How do I use it? When I try this query:
SELECT *, ROW_NUMBER() OVER (ORDER BY f0) AS rn FROM inp
I get this error:
org.apache.flink.table.api.ValidationException: Over Agg: The window rank function without order by. please re-check the over window statement.
Does it always require sorting the table? This seems like an overhead I'd rather avoid.
The next option was just to generate a random UUID for every row. But when I try this, the same UUID is never used twice, so it's completely useless.

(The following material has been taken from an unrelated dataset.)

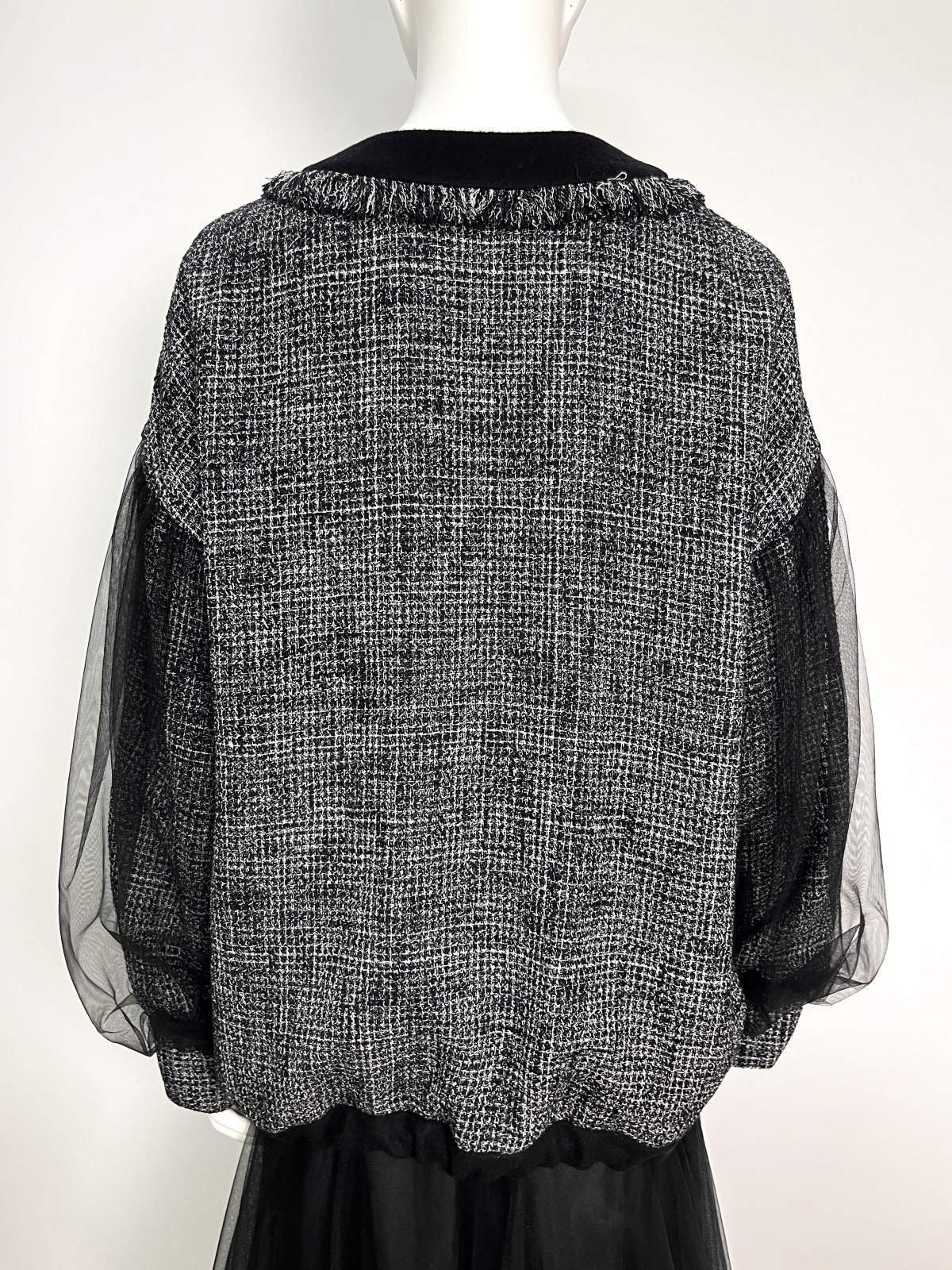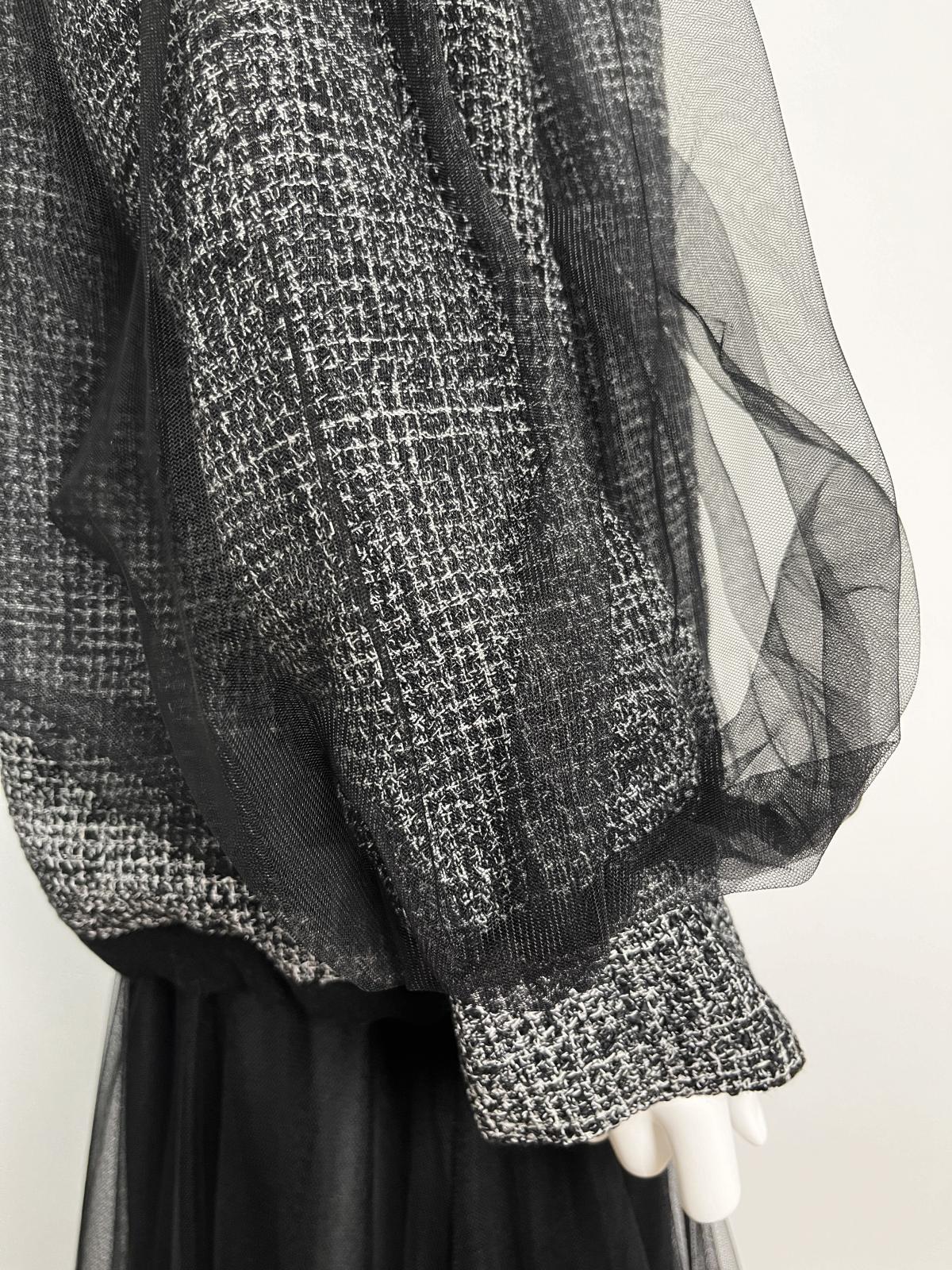 ボリューミーな袖のチュール使いで着映えるブルゾン。

Here's an example:
import org.apache.flink.streaming.api.scala.StreamExecutionEnvironment
import org.apache.flink.table.api._
import org.apache.flink.table.api.bridge.scala.StreamTableEnvironment
object Sandbox {
def main(args: Array[String]): Unit = {
val env = StreamTableEnvironment.create(
StreamExecutionEnvironment.getExecutionEnvironment
)
val inp = env.fromValues(1.as("id"))
val out1 = inp.addColumns(uuid().as("u"))
val out2 = out1.addColumns($"u".as("u2"))
env.executeSql("""
CREATE TABLE out1 ( id INTEGER, u VARCHAR(36) )

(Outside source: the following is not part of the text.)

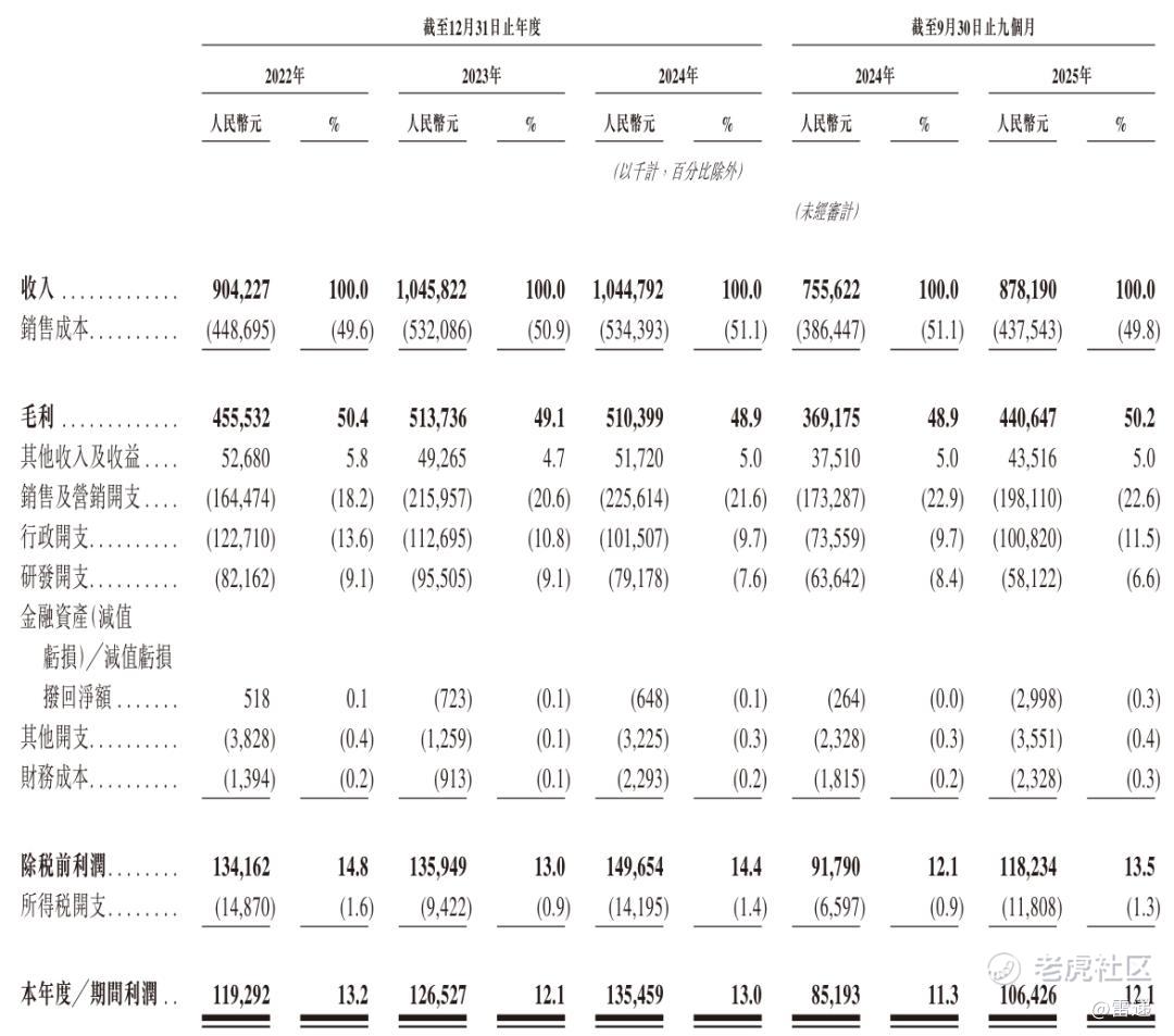 SKG未来健康2025年前9个月营收为8.78亿,上年同期的营收为7.56亿元;毛利为4.41亿,上年同期毛利为3.69亿元;期内利润为1.06亿,上年同期的期内利润为8519万元。

WITH ('connector' = 'print')
""")
env.executeSql("""
CREATE TABLE out2 ( id INTEGER, u VARCHAR(36), u2 VARCHAR(36) )
WITH ('connector' = 'print')
""")
env.createStatementSet()
.addInsert("out1", out1)
.addInsert("out2", out2)
.execute()
// Equivalent to the createStatementSet method:
out1.executeInsert("out1")
out2.executeInsert("out2")
}
}
The output I get:
[info] +I(1,4e6008ad-868a-4f95-88b0-38ee7969067d)
[info] +I(1,55da264d-1e15-4c40-94d4-822e1cd5db9c,c9a78f93-580c-456d-9883-08bc998124ed)
I need the UUID from out1
to reappear in out2
in both columns, e.g:
[info] +I(1,4e6008ad-868a-4f95-88b0-38ee7969067d)
[info] +I(1,4e6008ad-868a-4f95-88b0-38ee7969067d,4e6008ad-868a-4f95-88b0-38ee7969067d)
I suppose this is due to this note in the docs:
This function is not deterministic which means the value would be recalculated for each record.
How can I calculate a UUID just once and make it 'concrete' so that the same value is sent to both out1
and out2
?
I get a similar result with a user defined function:
class uuidUdf extends ScalarFunction {
def eval(): String = UUID.randomUUID().toString
}
val out1 = inp.addColumns(call(new uuidUdf()).as("u"))